Una enorme bandera roja colgaba de las vigas. En su centro había la cabeza negra de un lobo, con la boca llena de estilizados relámpagos de luz.

—Su nueva bandera, me parece —dijo Cheery.

—Pensé que era un emblema con un murciélago de dos cabezas.

—Quizás pensaron que era hora de cambiar, señor…

—¡Ah, Su Excelencia! ¿No está Sybil con vos?

La mujer que había entrado era Angua, pero matizada de alguna forma con los años. Llevaba un largo y ancho vestido verde, muy pasado de moda para los estándares de Ankh-Morpork, aunque hay algunos estilos que nunca quedan anticuados encima de la figura correcta. Se estaba peinando el pelo mientras cruzaba la habitación.
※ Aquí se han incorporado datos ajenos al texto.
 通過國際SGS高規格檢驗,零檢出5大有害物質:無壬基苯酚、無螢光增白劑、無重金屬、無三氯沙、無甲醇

—Ehh, ella se ha quedado en la embajada hoy. Tuvimos un viaje bastante duro. Vos debéis ser la Baronesa Serafine Von Uberwald.
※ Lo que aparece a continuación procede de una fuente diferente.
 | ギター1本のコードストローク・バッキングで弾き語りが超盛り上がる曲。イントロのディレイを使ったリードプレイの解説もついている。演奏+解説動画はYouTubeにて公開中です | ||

—Y vos sois Sam Vimes. Del que siempre hablan las cartas de Sybil. El Barón no tardará. Habíamos salido a cazar y perdimos la noción del tiempo.
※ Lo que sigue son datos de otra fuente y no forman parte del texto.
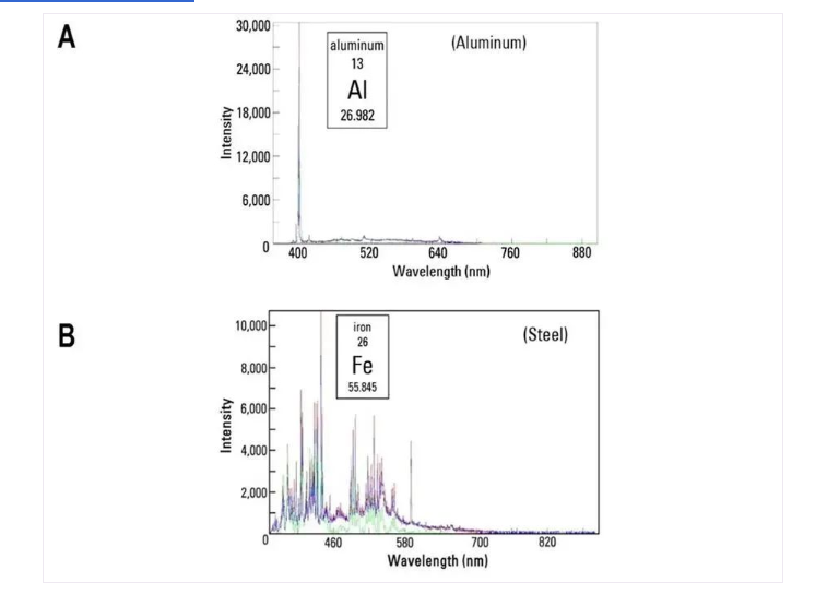 图4:根据清洁度分析中获得的LIBS光谱判断,颗粒由以下部分组成:A)主要成分是铝(Al)和B)钢(主要是铁)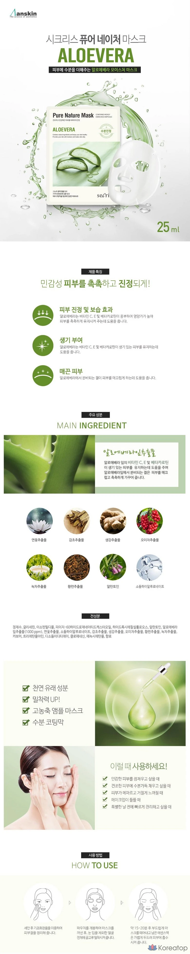 Набор масок для лица Anskin Secret Pure Nature с алоэ вера, 25 мл, 6 шт., 1 шт.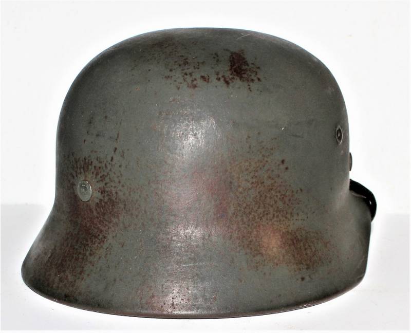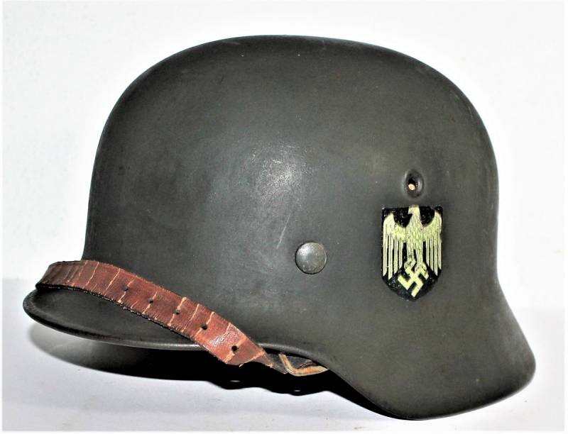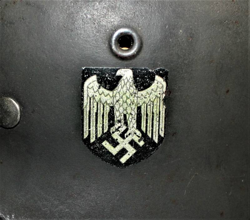 Elmetto M40 monofregio della WH nato in colorazione verde feldgrau scuro rugoso anti-riflesso con vernice al 95%, ottime condizioni con leggera patina del tempo e dellŽuso, non restaurato o riparato, completo in ogni sua parte, sul lato sinistro macchiato superficialmente di ruggine ma non camolato, interno e sottogola mai smontati, pelle in ottime condizioni non lesionata solo patinata dallŽuso, sul sottogola sŽintravede il nome del fabbricante e la data 1940, decalcomania in ottime condizioni quasi al 100%.

—Tengo entendido que es mucho trabajo, ocuparse de los caballos —dijo Vimes educadamente.

La sonrisa de Serafine se volvió extraña durante un instante.

—Ja. Sí —dijo—. ¿Deseáis que Igor os traiga una bebida?

—No, gracias.

Serafine se sentó en una de las gruesas sillas y le sonrió.

—¿Habéis conocido al nuevo rey, Su Excelencia?

—Esta mañana.

—Creo que está teniendo problemas.

—¿Qué es lo que os hace pensar eso? —preguntó Vimes.

Serafine pareció sorprendida.

—Pensé que todo el mundo lo sabía.

—Bueno, prácticamente sólo llevo aquí cinco minutos —dijo Vimes—. Probablemente eso no me hace contar como «todo el mundo».

Ahora, como le gustó notar, ella parecía confundida.

—Nosotros… sólo hemos oído que había algún problema —dijo.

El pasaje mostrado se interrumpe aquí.